• [INFORMATION GIVEN]:
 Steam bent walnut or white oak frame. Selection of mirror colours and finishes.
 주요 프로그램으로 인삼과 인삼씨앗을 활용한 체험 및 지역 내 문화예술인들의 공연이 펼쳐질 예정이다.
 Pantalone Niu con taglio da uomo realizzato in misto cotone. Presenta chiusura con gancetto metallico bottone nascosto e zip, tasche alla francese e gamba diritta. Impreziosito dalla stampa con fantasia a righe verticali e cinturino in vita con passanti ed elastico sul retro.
* * *
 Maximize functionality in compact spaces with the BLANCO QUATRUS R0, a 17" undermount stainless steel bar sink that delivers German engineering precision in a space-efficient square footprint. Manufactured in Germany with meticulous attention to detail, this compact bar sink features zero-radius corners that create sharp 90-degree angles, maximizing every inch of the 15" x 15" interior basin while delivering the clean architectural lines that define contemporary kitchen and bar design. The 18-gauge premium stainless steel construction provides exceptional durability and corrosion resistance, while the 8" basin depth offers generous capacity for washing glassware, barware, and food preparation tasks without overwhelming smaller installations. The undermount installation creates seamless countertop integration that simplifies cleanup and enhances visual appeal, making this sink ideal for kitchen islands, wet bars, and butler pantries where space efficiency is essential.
--
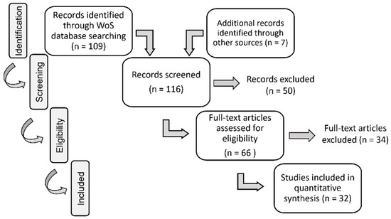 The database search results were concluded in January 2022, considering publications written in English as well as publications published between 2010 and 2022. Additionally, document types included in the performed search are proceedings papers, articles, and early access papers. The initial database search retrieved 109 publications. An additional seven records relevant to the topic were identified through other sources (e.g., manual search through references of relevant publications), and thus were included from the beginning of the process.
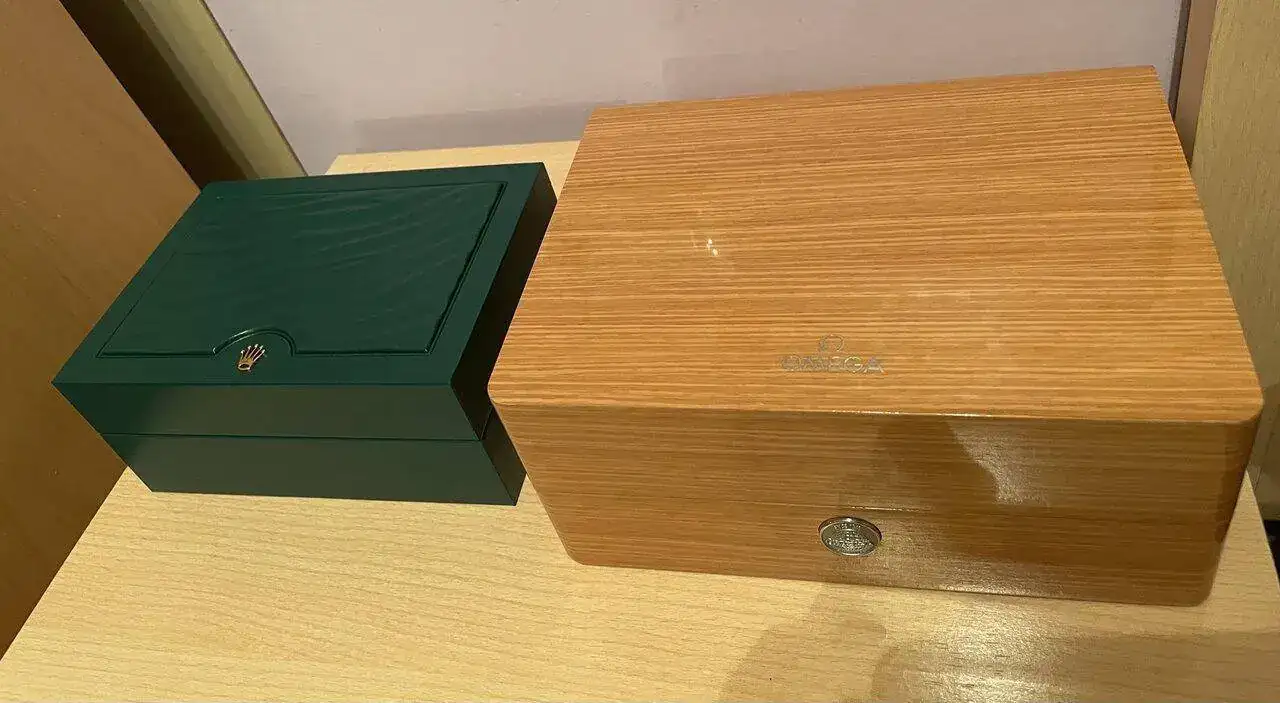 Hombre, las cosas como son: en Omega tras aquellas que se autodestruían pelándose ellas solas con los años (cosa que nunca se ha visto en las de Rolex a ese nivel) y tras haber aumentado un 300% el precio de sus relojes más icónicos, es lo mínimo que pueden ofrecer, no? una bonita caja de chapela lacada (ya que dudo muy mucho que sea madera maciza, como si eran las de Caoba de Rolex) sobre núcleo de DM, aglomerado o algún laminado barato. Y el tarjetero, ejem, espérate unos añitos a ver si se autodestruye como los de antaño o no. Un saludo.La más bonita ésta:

• [TASK ITEM]:
Print the lines above from the one with "Steam bent walnut" through the one with "Pantalone Niu con", both included, exactly as written and nothing more.

• [OUTPUT FOR THIS EXERCISE]:
 Steam bent walnut or white oak frame. Selection of mirror colours and finishes.
 주요 프로그램으로 인삼과 인삼씨앗을 활용한 체험 및 지역 내 문화예술인들의 공연이 펼쳐질 예정이다.
 Pantalone Niu con taglio da uomo realizzato in misto cotone. Presenta chiusura con gancetto metallico bottone nascosto e zip, tasche alla francese e gamba diritta. Impreziosito dalla stampa con fantasia a righe verticali e cinturino in vita con passanti ed elastico sul retro.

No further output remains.